Glas macht die Biege

Ein Schott-Mitarbeiter zeigt eine biegsame, ultradünne Glasscheibe. Der Mainzer Spezialglas-Hersteller treibt die Entwicklung von Glas voran, das dünner ist als ein menschliches Haar. Bild: dpa

Das Traditionsunternehmen Schott bricht mit den herkömmlichen Vorstellungen von Glas. Seine ultradünne Neuentwicklung macht Daten Tempo und öffnet so der Firma den Zugang zur IT-Branche.

Ein Laser sticht winzige Löcher in eine dünne Glasscheibe.
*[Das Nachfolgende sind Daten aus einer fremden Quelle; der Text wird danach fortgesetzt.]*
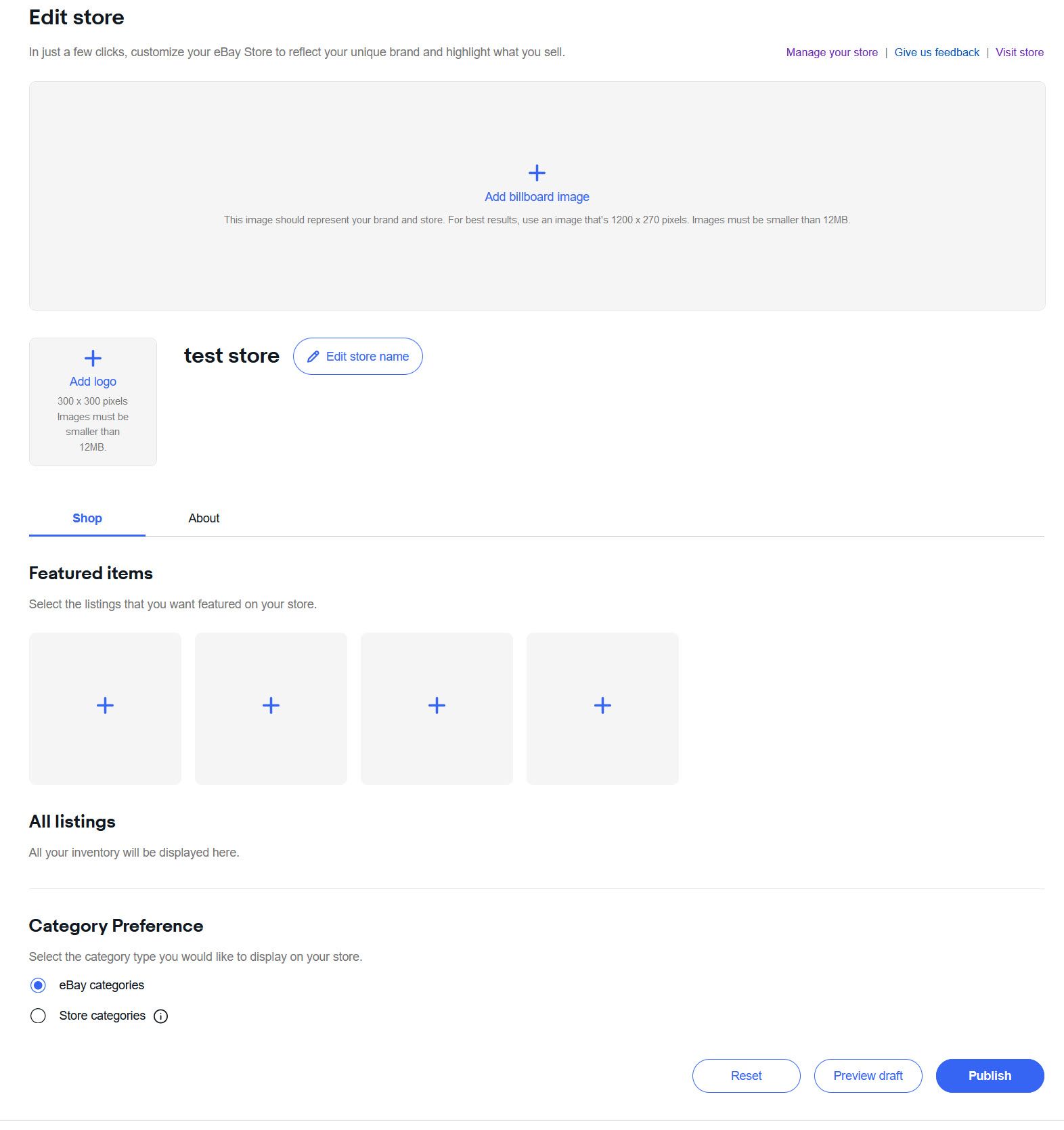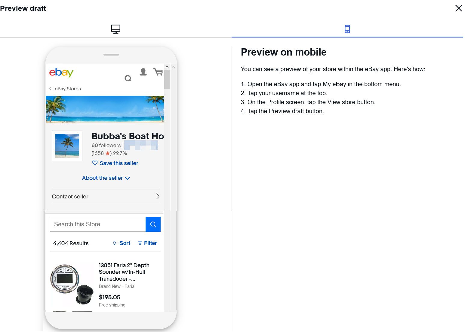 Once you choose a banner and logo image and fill in the About section, you can preview a draft of the store in either desktop or mobile view.

Stolz zeigt ein Mitarbeiter den Besuchern das Ergebnis - die kleine Glasscheibe steht bei der Schott AG in Mainz für eine Technik, mit der sich das 131 Jahre alte Unternehmen, das auch einen Standort in Mitterteich (Kreis Tirschenreuth) hat, neu erfinden will.

Durch die Löcher im Glas können Leitungen geführt werden, die elektronische Bauteile wie Prozessoren oder Datenspeicher miteinander verbinden. "Je kürzer die Leiterbahn, desto geringer der Energieverlust und desto länger die Batterielaufzeit etwa bei einem Smartphone", erklärt Projektleiter Rüdiger Sprengard. Auch die Geschwindigkeit bei der Übertragung von Daten kann so gesteigert werden.

Kurze Leitung

Beim Einsatz von Glas anstelle von Silizium könne das Tempo beim Datentransfer von Prozessoren aufgrund der höheren elektronischen Isolation im Vergleich zum bisherigen Stand der Technik verachtfacht werden, sagt Sprengard. Eine zehnmal so hohe Geschwindigkeit sei beim Datentransfer von Speicherbausteinen möglich. Der eigentlich sehr spröde Werkstoff Glas kann durch chemische Eingriffe sowie spezielle Schneid- und Produktionstechniken extrem dünn und biegsam gemacht werden. Die Scheiben sind dann nur noch 50 Mikrometer dick - das entspricht etwa einem menschlichen Haar. Es werde aber bereits an der Entwicklung von Dünnstgläsern mit zehn Mikrometern gearbeitet, erzählt Schott-Forschungsvorstand Hans-Joachim Konz.

Platz auf engstem Raum

Schott nahm die Entwicklung der Technik vor ungefähr fünf Jahren auf. Seit 2014 ist das Unternehmen dabei, mit Kunden spezifische Lösungen zu entwickeln und in die Markterschließung einzusteigen. In ersten Produkten ist Ultradünnglas bereits eingebaut - etwa in Smartphone-Kameras.

Beim Fraunhofer-Institut für Zuverlässigkeit und Mikro-Integration (IZM) in Berlin sagt der Forscher Michael Töpper, Glas biete herausragende Isolationseigenschaften. Damit sei der Werkstoff "eine wichtige Grundlage für den Industrietrend der Integration mehrerer elektronischer Bauelemente in ein Package". Solche Packages sind vor allem für Smartphones wichtig, da sie die Miniaturisierung der Geräte weiter vorantreiben können. In Modellen wie dem I-Phone 6 oder dem Samsung Galaxy S6 befinden sich nach Angaben Töppers bereits 60 bis 70 Chip-Packages, darunter für Subsysteme wie Mikrofon, Kamera, Lautsprecher oder Display.